The Nonlinear Effects of Transient and Stationary Eddies an the Winter Mean Circulation. Part I: Diagnostic Analysis

Abstract

The nonlinear effects due to transient eddies and stationary eddies are analysed for the large-scale winter mean circulation, based on the potential vorticity equation for the zonally asymmetric time-averaged quasi-geostrophic motions. Using the geopotential height for January 1963, the individual terms of the potential vorticity equation are evaluated. Throughout the troposphere the linear advections dominate the nonlinear which, however, are by no means negligible. At the mid-tropospheric level the transient eddy term is large north of 40°N. The distribution appears to be correlated negatively with the time-mean asymmetric potential vorticity, suggesting its dissipative role. On the other hand, the non-linear advection by stationary eddies has no clear correlation with the time-mean potential vorticity.
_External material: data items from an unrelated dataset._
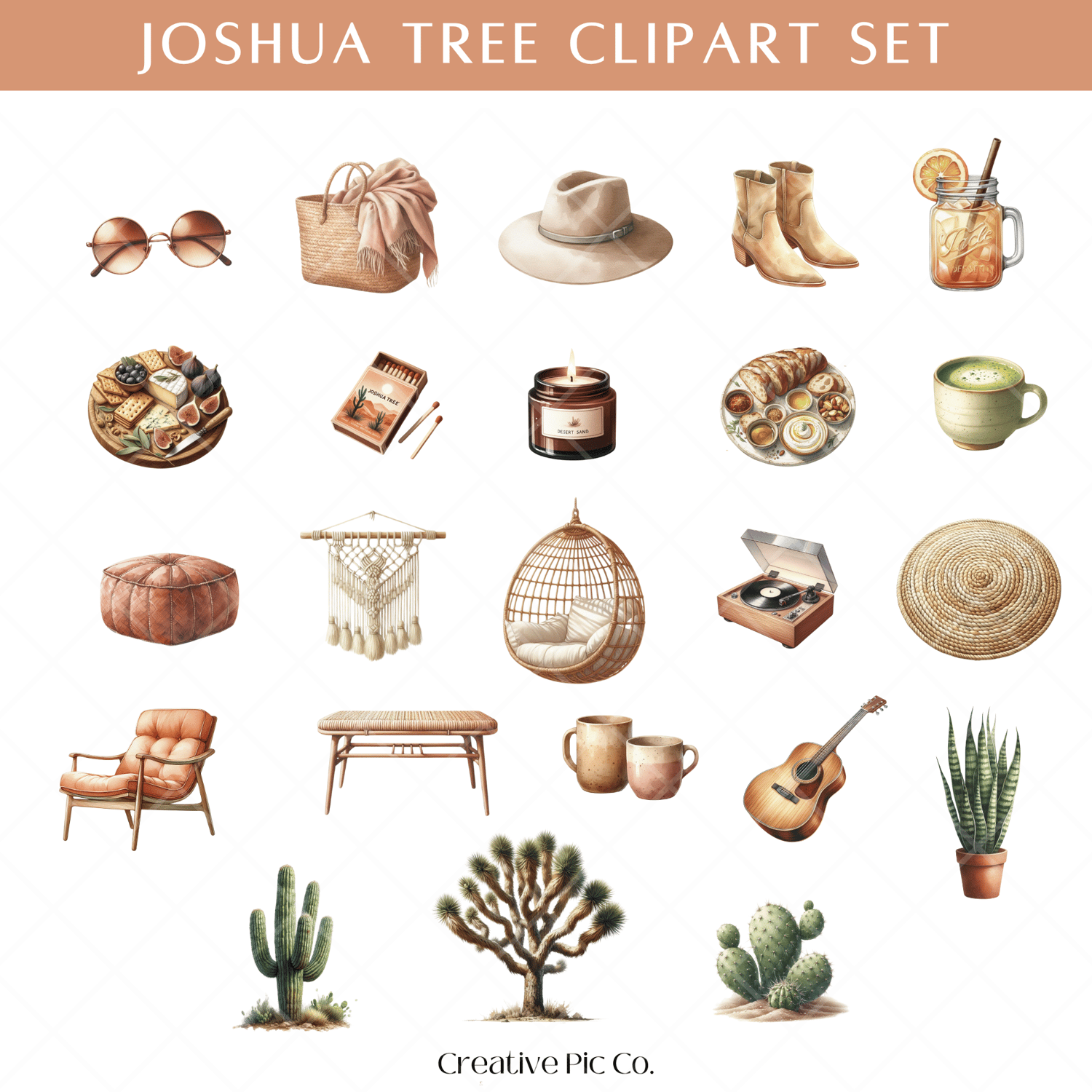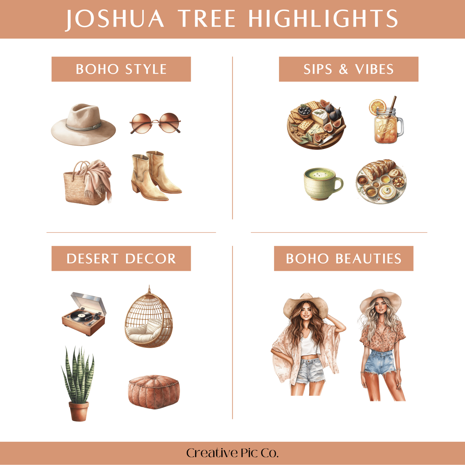 Bring the warmth of the desert to your creative projects with this Joshua Tree Clipart Set. Featuring 35 high-res PNGs including fashion girls, cactus plants, cosy interiors, macramé, and boho décor, perfect for digital planners, branding, social posts, or printables. All elements come with transparent backgrounds and include a small commercial license.
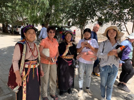 The two traditional ladies, the daughter of one and her daughter on the right.
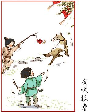 传说女娲创造万物生灵的时候,先造的鸡狗猪羊牛马,后造的人,正月初二又称为狗日。因此有说法是:大年初二,金吠报春。
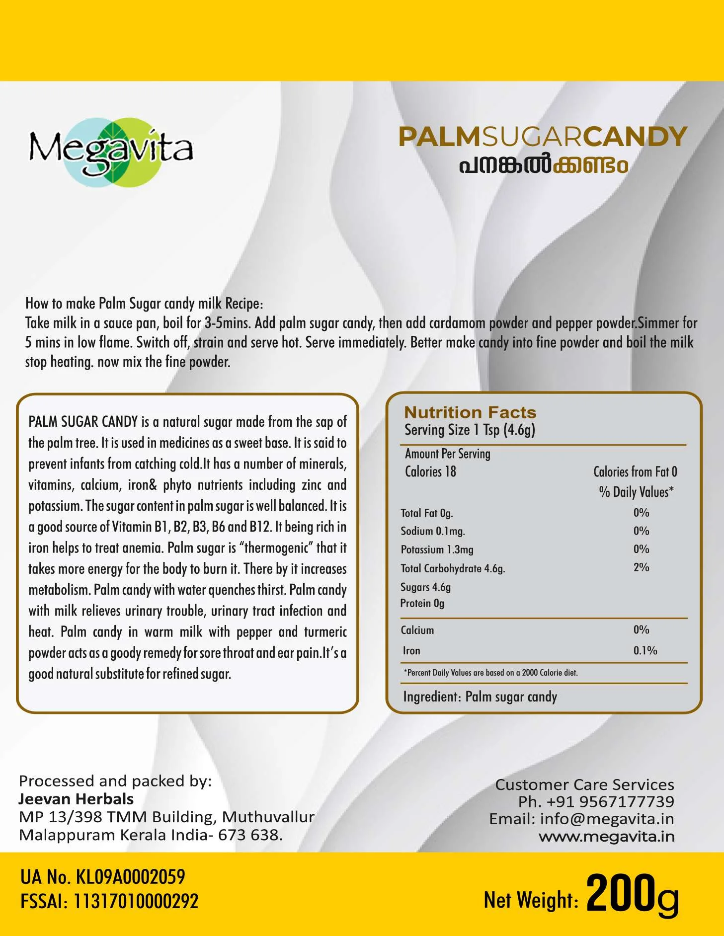 Megavita PALM SUGAR CANDY also known as "panankalkandam" in Malayalam, is a natural product with medicinal properties that can be used in daily life. It is beneficial for children, pregnant women, and those who suffer from weakness and lethargy. Palm sugar candy is made from the sap of palm trees. It is often used in Ayurvedic medicine to treat respiratory problems and prevent infections. It contains various minerals such as iron and calcium, which are good for overall health. It also helps to promote growth and development in children. Palm sugar candy is an excellent remedy for cough and cold as it contains natural compounds that help to relieve congestion and phlegm.
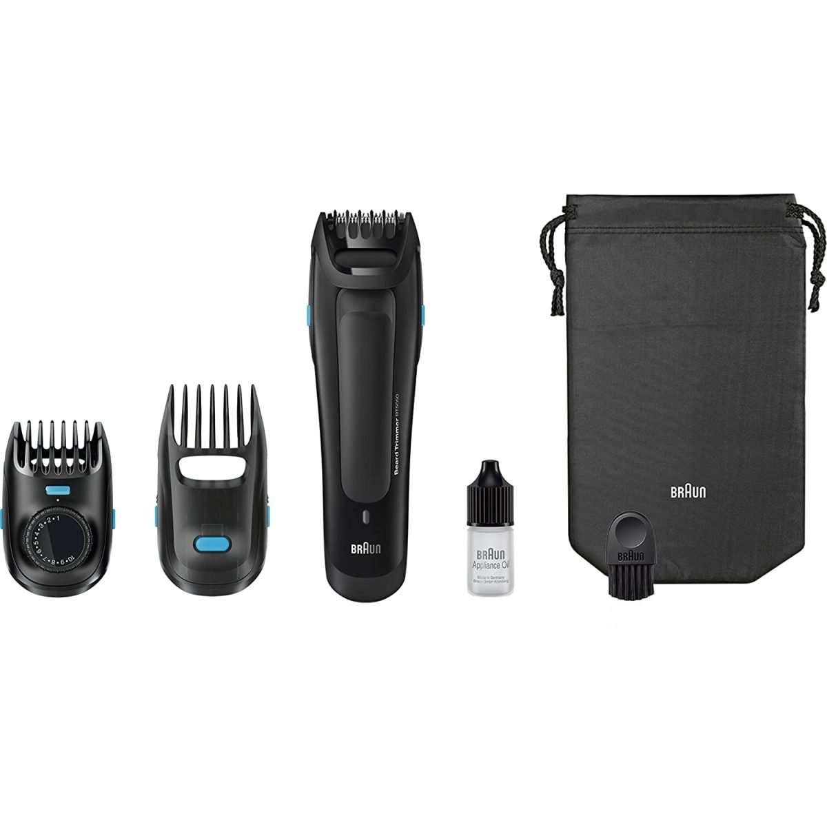 Braun beard trimmer 4x more precision for your style*. With precision dial for up to 25 exact length settings to create your style. Precision dial: Give your style the edge in exact 0,5mm steps Because 0,5mm can be the difference between exactly right and just ok, the precision comb gives you settings between 1 and 10mm in these fine steps. Simply set by turning the precision dial. Two detachable combs for the exact length settings you need Two integrated trimmers for great versatility: one for precision styling, one for efficient beard trimming. Braun precision combs Designed to be stronger than ordinary combs, they don t flex to enable you to get the precise look you want. Enjoy results that are even, exact, reliable and repeatable. Lifetime lasting sharp blades for precise trimming. The trimmer blades are engineered to stay sharp for their whole life. That makes styling precise and minimizes tug and pull for more comfort. Style with the comb on. The unique detail trimmer lets you style your beard with a simple slide even when the comb is on. Strong grip for precise handling. Rubberized grip for comfortable and safe handling. Fully washable. The Braun beard trimmer is fully washable for easy cleaning under running water. Designed to perform. Design is more than what meets the eye. It is also about how a tool feels and how easy it is to operate. With the Braun beard trimmer you have maximum styling flexibility and precision in your hand. How to style your beard. Goatee, Hunter, Dirty Shave Something completely different 2 Click&Lock trimming combs make precise grooming and trimming easy. Two easy to adjust Click&Lock trimming combs for 25 precise settings. For results that are even, exact, reliable and repeatable. Precision comb 1 10 mm with 0.5mm steps Long beard comb 10 20 mm with 2mm steps Slide&Style system. Style with the comb on. The unique Slide&Style system lets you style your beard with a simple slide even when the comb is on. Dual battery system. Powerful performance, cordless or corded. For consistent results even in tough conditions, the dual battery system keeps trimming power constant. A full charge takes 8 hours and gives you 50 min. of cordless performance. A 5 min. quick charge is enough for 1 trim. Fully washable. The Braun beard trimmer is fully washable for easy cleaning under running water Charging LED. An LED light warns of low battery and informs about charging status. Adjusts voltage automatically. Automatically adapts to any voltage between 100V and 240V. It works in practically every country on this planet. Colour :Black

In order to estimate the role of these nonlinear terms in maintaining the stationary geopotential field, the potential vorticity equation is solved by regarding these nonlinear terms as empirical forcing functions. An additional source was assumed as estimated from the residual of the potential vorticity equation to represent diabatic forcing. Mountain forcing was included in the lower boundary condition. A series of perturbation versus control experiments was run to determine the effect of the various apparent sources. The transient eddy source term appears to decrease the stationary geopotential as much as a few hundred meters at 500 mb. The nonlinear stationary eddy source generates geopotential perturbations which are comparable to the effect of transient eddies, but the correlation with the observed geopotential is highly irregular indicating no specific characteristics of the effects.